Tableau de l’harmonisation

 


Communiqué de presse                                                                 Mardi 17 octobre 2017

L’administration Labeaume a surtaxé le secteur résidentiel de 10 millions de dollars

Régis Labeaume et son équipe affirment qu’ils ont taxé les contribuables de Québec  au même niveau que l’inflation. Cette affirmation est fausse. Selon Statistique Canada[1], la variation cumulative de l’inflation de 2008 à août 2017 fut de 15.6%. Selon le bilan financier 2008-2017 remis aux journalistes par Régis Labeaume le 14 septembre dernier[2], la hausse budgétaire cumulative des taxes résidentielles de 2008 à 2017 est de 17,45%. Une différence de 1.85% qui semble peu, mais qui équivaut à une surtaxe de 10 millions de dollars!
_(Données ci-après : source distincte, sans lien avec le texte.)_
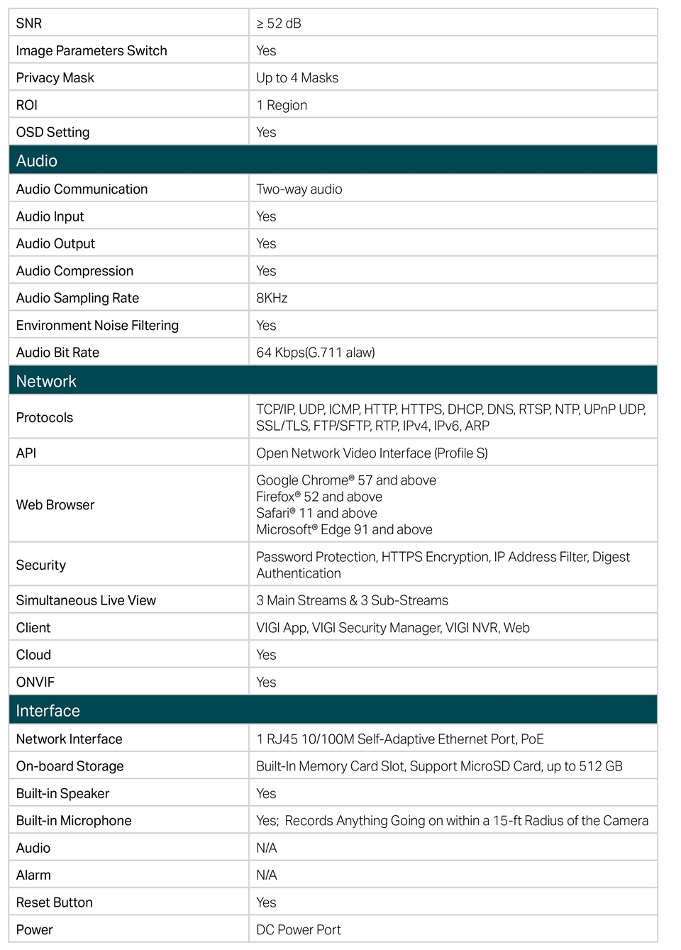 強化智慧影像:VIGI 處理視訊的專業技術,高度提升監控所需的質量,包括智慧IR、True WDR、3D DNR 和夜視等功能。
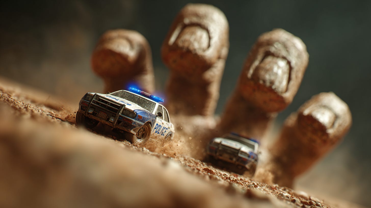 toy-sized police cars in high-speed chase over a giant open hand, dramatic lighting, high-speed motion blur, gritty realism with a surreal twist --ar 16:9 --profile uw4q9o7 --v 7
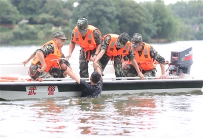 5月27日,武警衡阳支队在衡阳市雁峰区南湖公园开展水域救援集训暨抗洪抢险实战演练,提高队伍抗洪救援能力,为平安度汛做好充足准备。
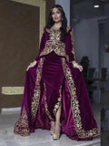 Vestido de noche estilo caftán argelino estilo sirena karakou, de terciopelo, manga larga, con apliques de encaje, estilo musulmán, para fiesta formal.
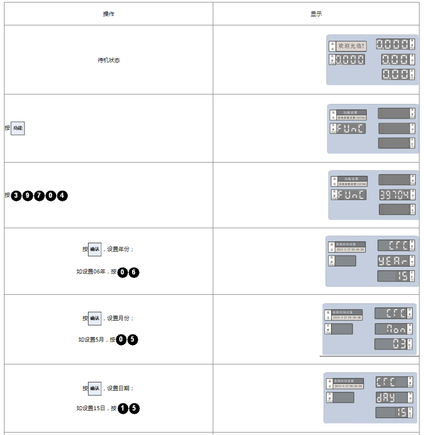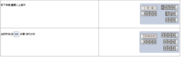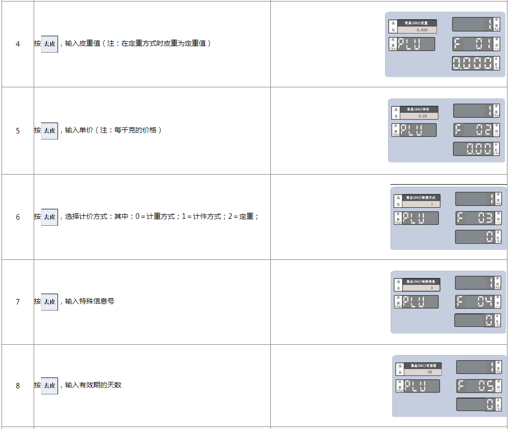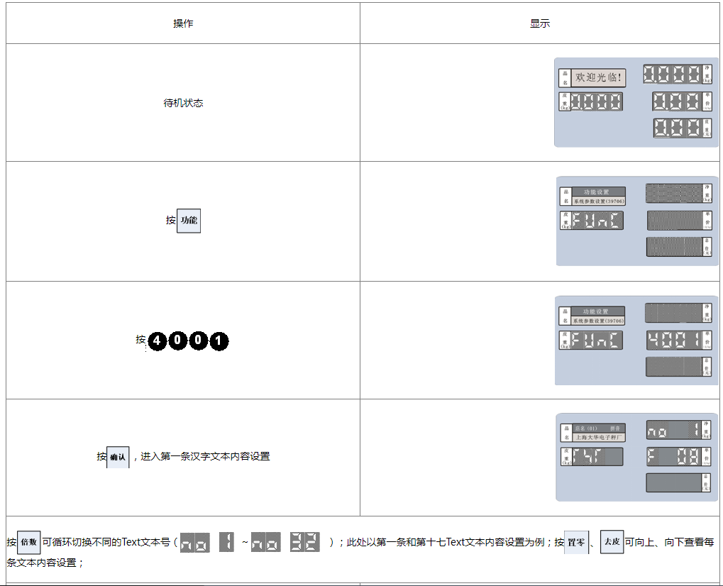 阅读本手册时,操作见表格最左列,表格其余列为实施最左列操作后条码打印计价秤各个窗口的显示内容;
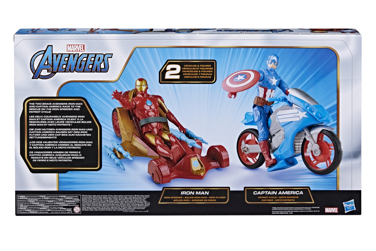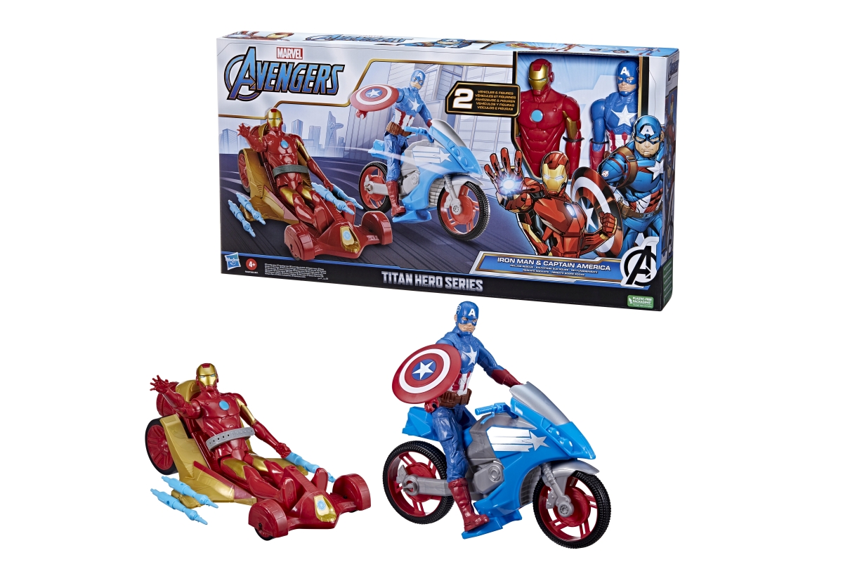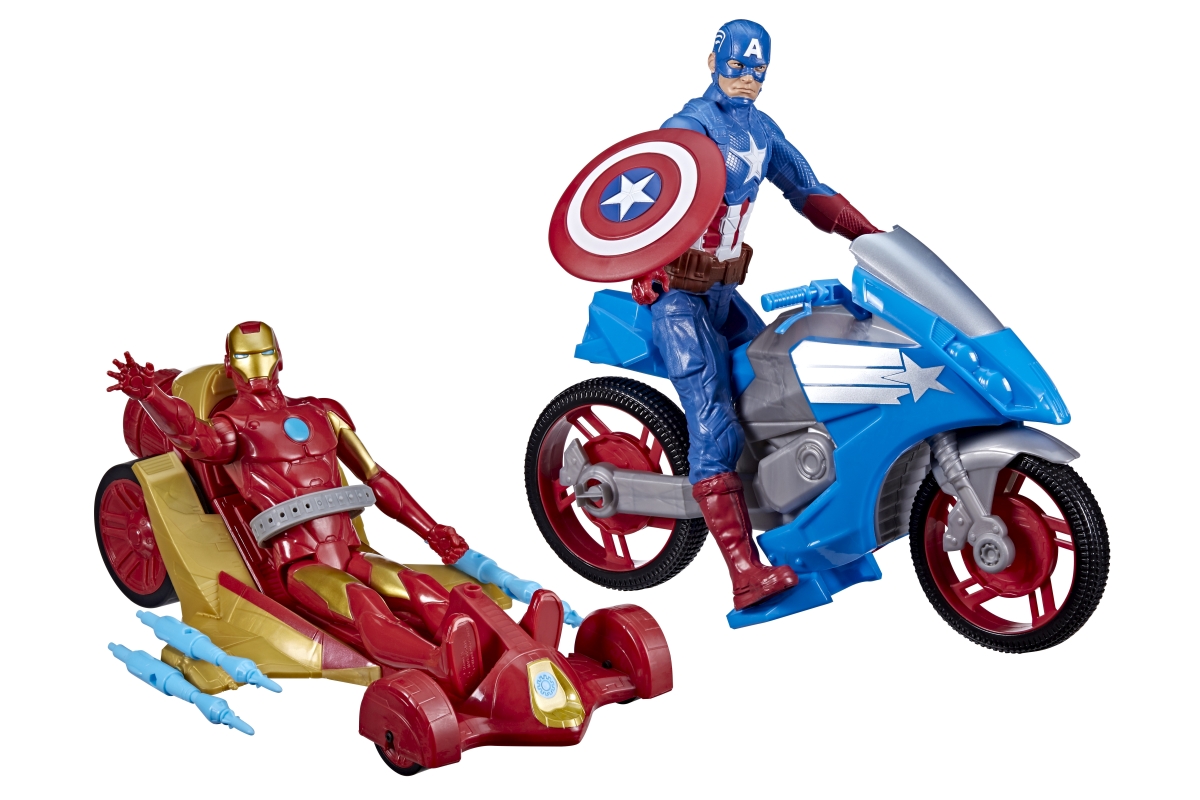 Sada figurek Avengers Kapitán Amerika a Iron man. Balení obsahuje 2 figurky o velikosti cca 30 cm, motorku a vozidlo. Figurky mají pohyblivé ruce a no..

Également, ce bilan financier comporte plusieurs inexactitudes et imprécisions dont notamment à la page 15:

  • Le taux de taxation cumulatif 2017 pour Québec de 16,79% est mathématiquement impossible, considérant le gel de taxes pour 2017. Le cumulatif de 17,45% de 2008 à 2016 est exact, cependant 17,45% + 0,0% = 17,45% et non 16,79%!
  • Il en est de même pour 2018, car c’est un autre gel qui est annoncé, alors 17,45% + 0,0% + 0,0% = 17,45% et non 16,29%. Encore des mathématiques créatives!
  • Pour être cohérent, le taux de croissance annuel moyen 2008-2017 devrait être 1,75% et non 1,65%. Ce « taux de croissance » correspond à la hausse budgétaire moyenne de 2008 à 2017.
  • Mis à part les taux d’inflation, le tableau ne précise pas que tous les chiffres utilisés sont des données budgétaires et non la réalité.

Nous défendons le droit des citoyens à de l’information publique fiable et transparente, présentée selon des valeurs  d’éthique et d’intégrité. Régis Labeaume répète sans cesse d’avoir taxé au niveau de l’inflation alors que c’est faux avec une surtaxe de 10 millions. Nous sommes d’avis que le premier magistrat de Québec devrait donner l’exemple en disant la vérité et en publiant de l’information budgétaire vérifiable. Si sa reddition de compte avait été plus transparente, il y a fort longtemps qu’il n’aurait plus à marteler qu’il a taxé selon l’inflation, car la clarté de ses budgets aurait suffi à convaincre et il n’aurait pas à contredire ses propres chiffres.